Charge 5, as requested by defendant, was argumentative, and gave undue prominence to a particular fact, and for these reasons was properly refused. Gilmore v. State, 126 Ala. 21,28 So. 595; Brantley v. State, 91 Ala. 47, 8 So. 816.
The second, third, fourth, fifth, and sixth assignments of error are based upon the court's refusal to give, at the request of defendant, the general affirmative charge.
The basis of this suit is an account between the parties, extending over a series of years. This account contains over 500 items of debit and many items of credit, as shown by the book of the plaintiff, which the testimony of plaintiff tends to show is correct, except as to certain items of credit which were admitted on the trial. The defendant introduced many checks and drafts, some of which did not appear on the books of the plaintiff, but plaintiff denied that defendant was entitled to these, except as above noted, and explained that these checks and drafts were cash items that never became a part of the account. In the absence of testimony by the plaintiff denying these checks and drafts as credits, the presumption would have been that they were so paid, but plaintiff denied that they were paid as credits, and it therefore became a question for the jury. White v. Bean Co., 77 So. 924;1 5 R. C. L. 486. The evidence was in conflict, and the affirmative charges were properly refused. There was *Page 511 also evidence which, if believed, tended to support the count on account stated.
The seventh assignment of error is based upon the court's refusal to give at the request of defendant charge 14, in the following language:
"If you believe the evidence in this case, you must find the defendant entitled to the credits authorized by the plaintiff over the latter's signature in the memorandum under date November 19, 1915, which has been offered in evidence."
This charge was based upon a written statement signed by plaintiff in the following words:
"Comer, Ala., Nov. 19, 1913.
"Below is a list of credits Mr.
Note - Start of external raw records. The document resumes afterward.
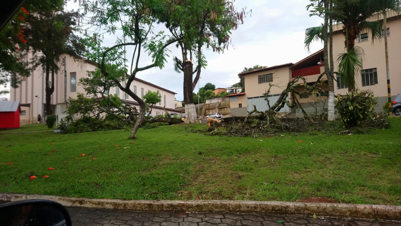 Nos bairros Novo Horizonte e Herculano Pena, várias tampas de caixa d´agua também voaram com o temporal e na praça da igreja Matriz no centro da cidade algumas árvores também vieram ao chão após o temporal.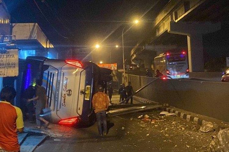 Bus Sumber Selamat rebahan di jalan dan bikin beton pembatas kocar-kacir karena oleng. Rugi lumayan, tembus Rp 50 juta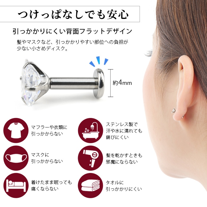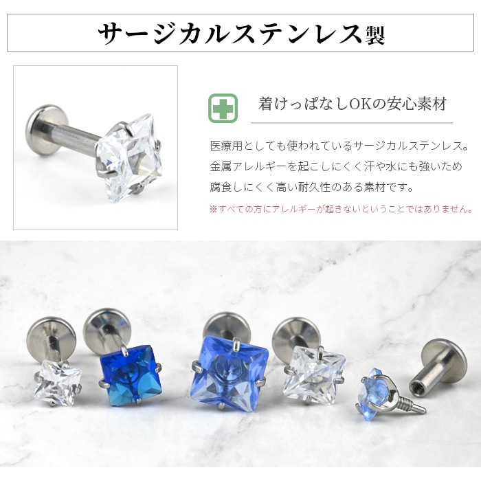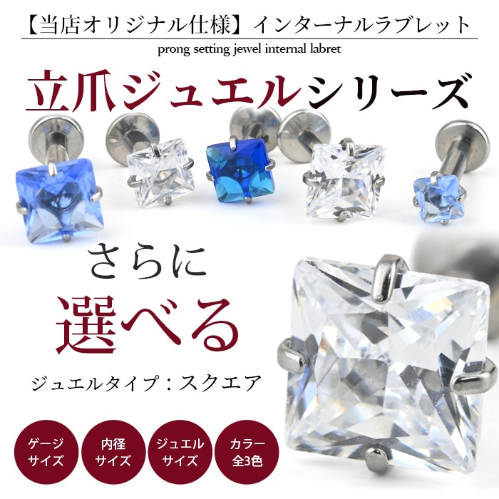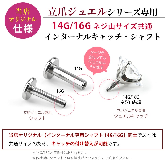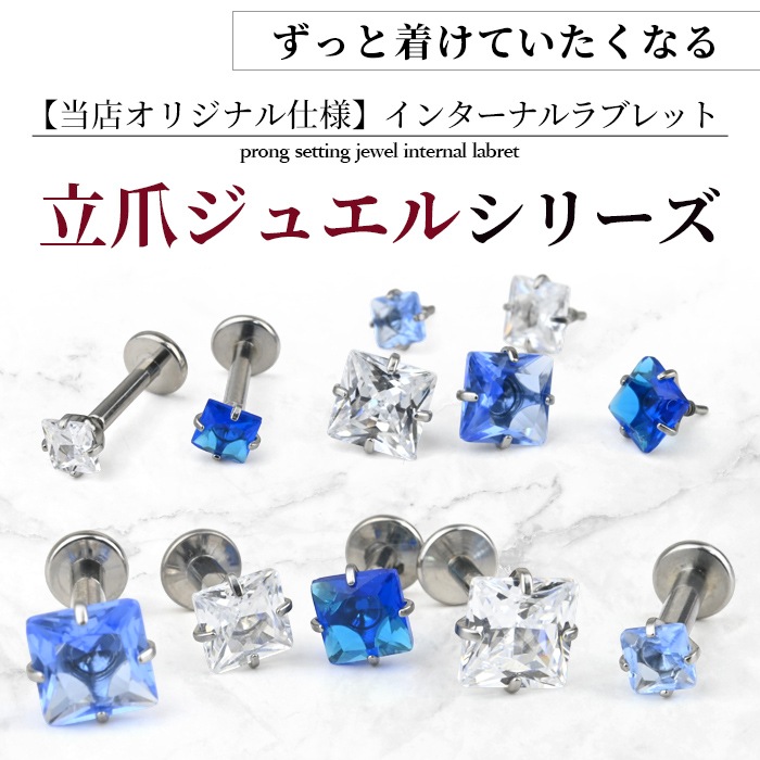 不動の人気を誇る、キラキラジュエル立爪のボディピアス。ジュエルは4つの爪でしっかり止まっているので、どの部位でも安心です。ホールにとても優しいインターナル(内ネジ)タイプ。ネジ山が直接ホールに触れないため、ホールを傷つけずファーストピアスやセカンドピアスなど長く愛用できます。カラーはオーロラ、クリア、レッド、ピンク、ブルー、パープルなど人気のカラーをご用意しました。太さは一般的な16G、14Gと人気のサイズをご用意致しました。ジュエルのサイズも3mm、4mm、5mmの3サイズからお好きなサイズがお選び頂けます。太さ、ジュエルカラー、ジュエルサイズ、内径と自分にピッタリなピアスをカスタムできます。耳たぶ、軟骨ピアス、トラガス、もちろん口ピアスに、カスタムで自分だけのボディピアスをお選び頂けます。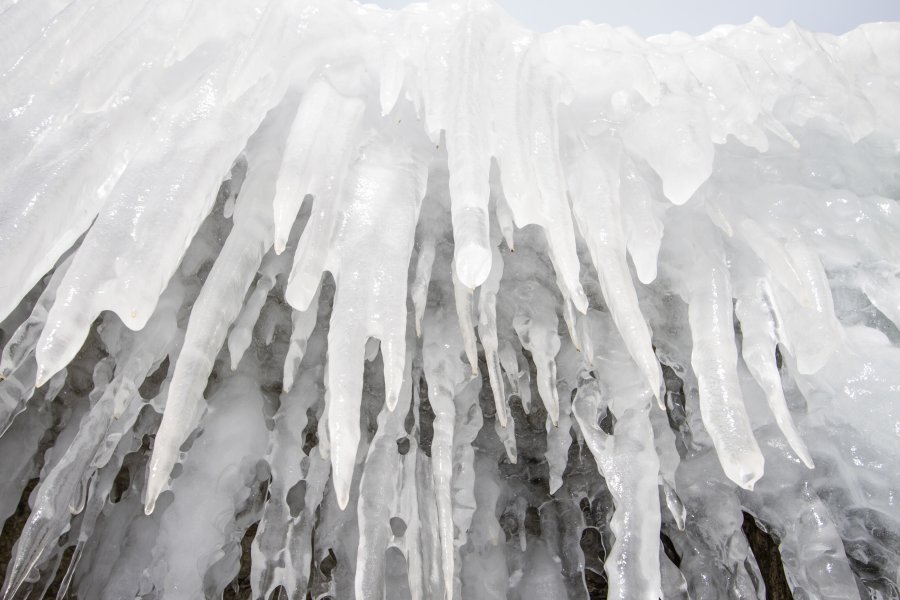 LOADS OF ICICLES CREATED FROM THE WATERFALL BACK SPRAY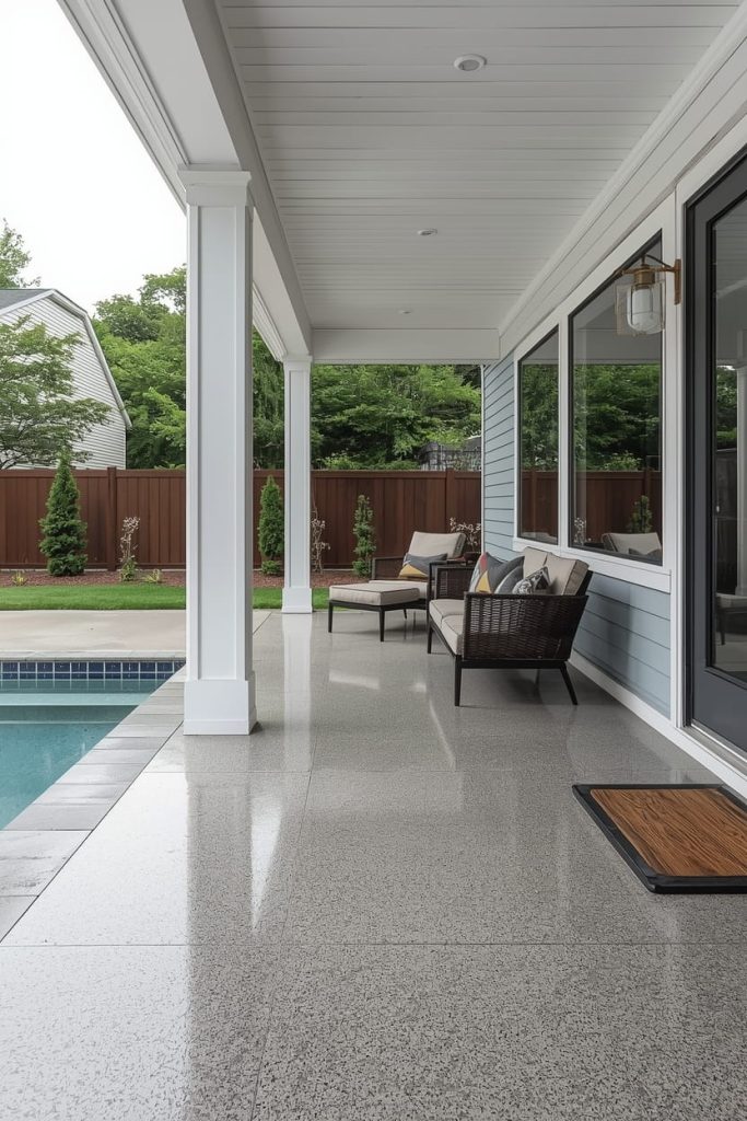 I’ve found that this type of epoxy coating works especially well in modern homes. It pairs beautifully with neutral furniture and creates a cohesive outdoor living space without overwhelming the senses.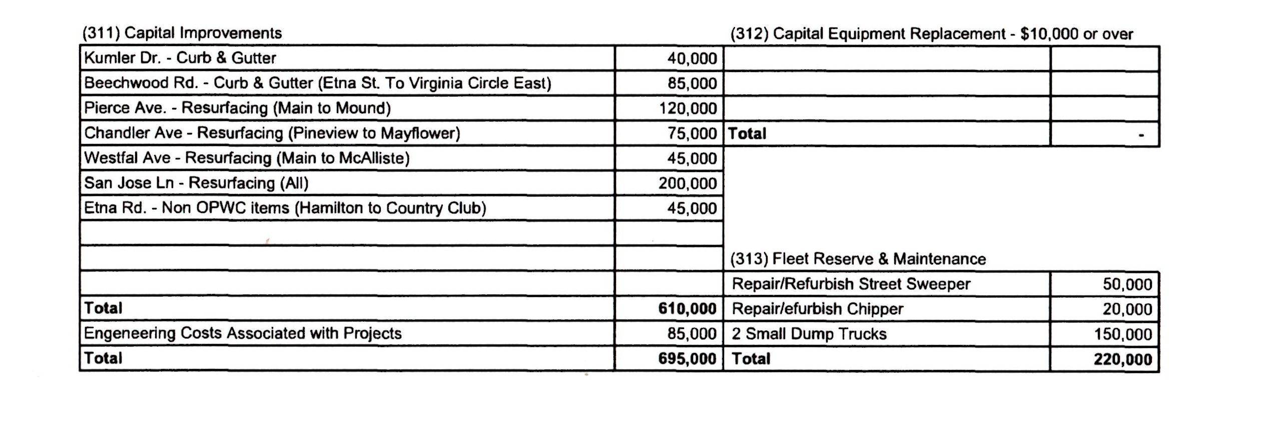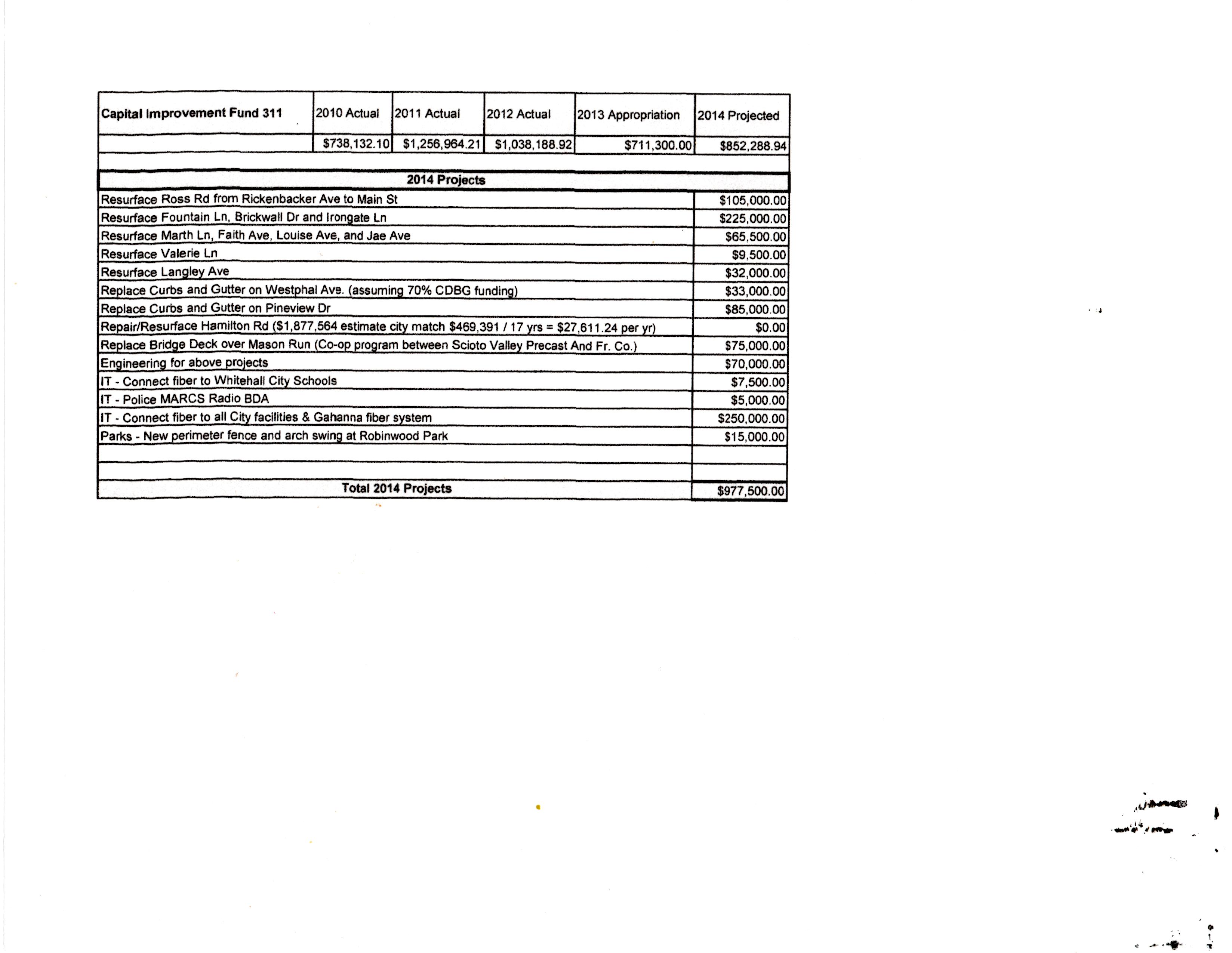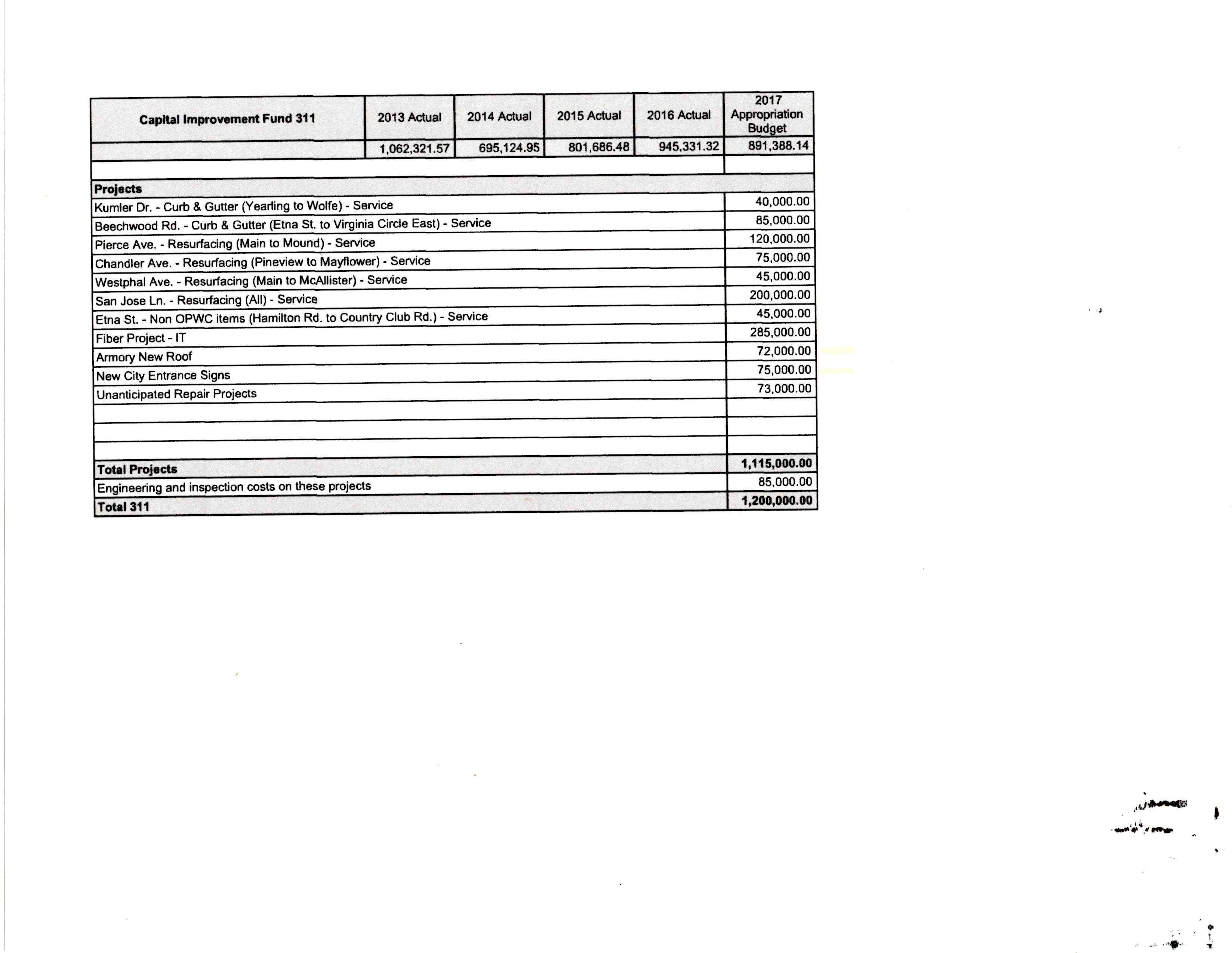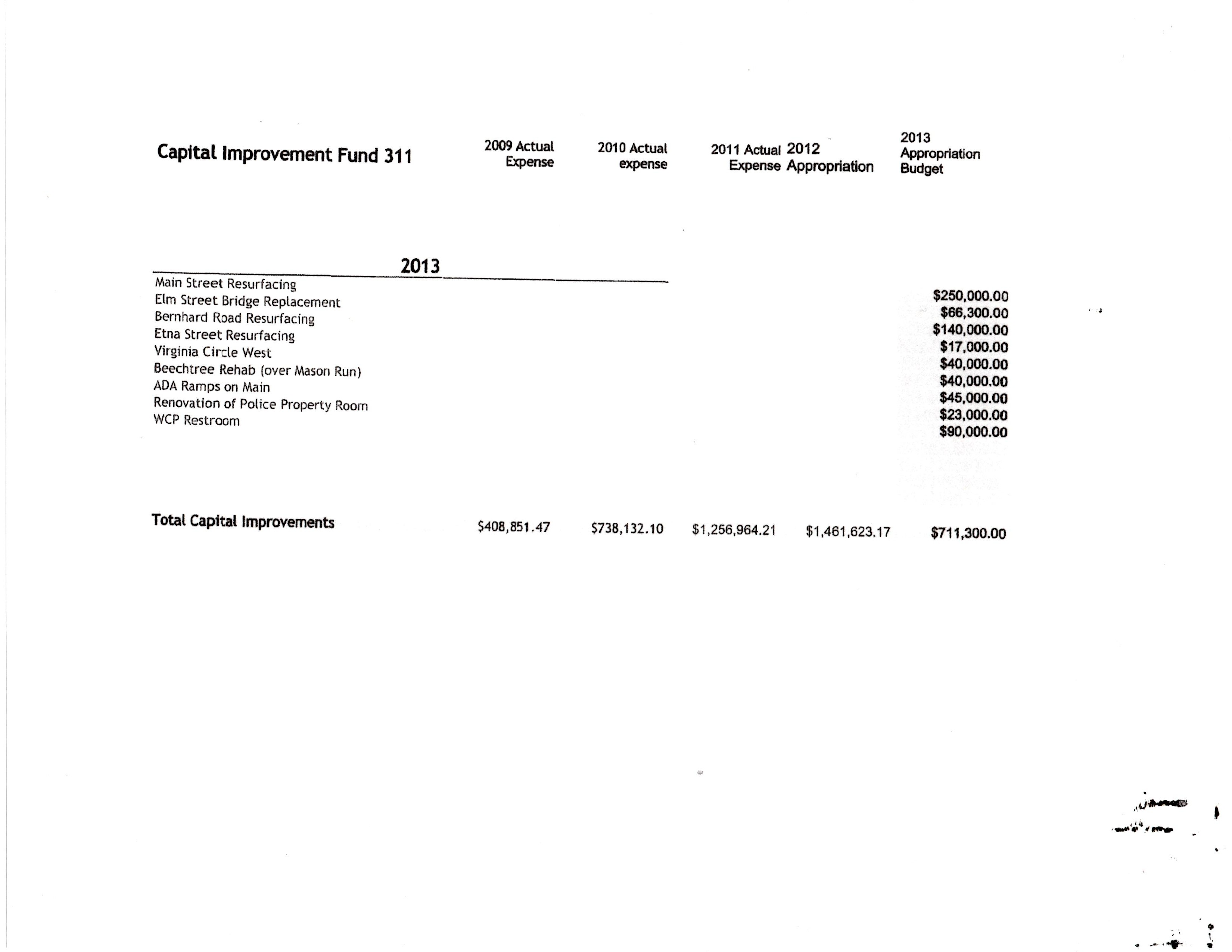 CAPITAL IMPROVEMENTS:

Penney is entitled to, which I do not think is credited on a/c now:
"Collected of Ike Bowen rent .................. $100.00 "Last year .................................... 50.00 "Collected 2 bales of Alex Banks. "Collected 1 bale of Mr. Gass. "All above was for 1912 and 1913.
"J.A. Grant."
The plaintiff in his testimony denied receiving the cotton from Banks and the $50 from Bowen. The most that could be said for the memorandum is that it is a receipt, and that under section 3973 of the Code it must have effect according to the intent of the parties, but the statute does not change its probative force, and the rules of evidence in ascertaining the intention of the parties are the same as they were before the statute. Stegall v. Wright, 143 Ala. 204, 38 So. 844. And, when a receipt is given under a mistake of fact, it may be avoided. Cleere v. Cleere, 82 Ala. 581, 3 So. 107, 60 Am.Rep. 750; Haynes v. Wheat Fennell, 9 Ala. 239. Therefore, when the plaintiff testified that he did not receive the cotton and the $50 on the account, it became a question for the jury to say whether the receipt was given under a mistake of fact, and therefore charge No. 14 as requested by defendant was properly refused.
Charge 15 was as follows:
"It was the duty of the plaintiff to allow defendant credit for every amount paid plaintiff by defendant or for latter's benefit."
There was much evidence of many other transactions between the parties involving the payment of money, and therefore, unless a payment was made by the defendant or for his benefit on the account, he would not be entitled to a credit in this action.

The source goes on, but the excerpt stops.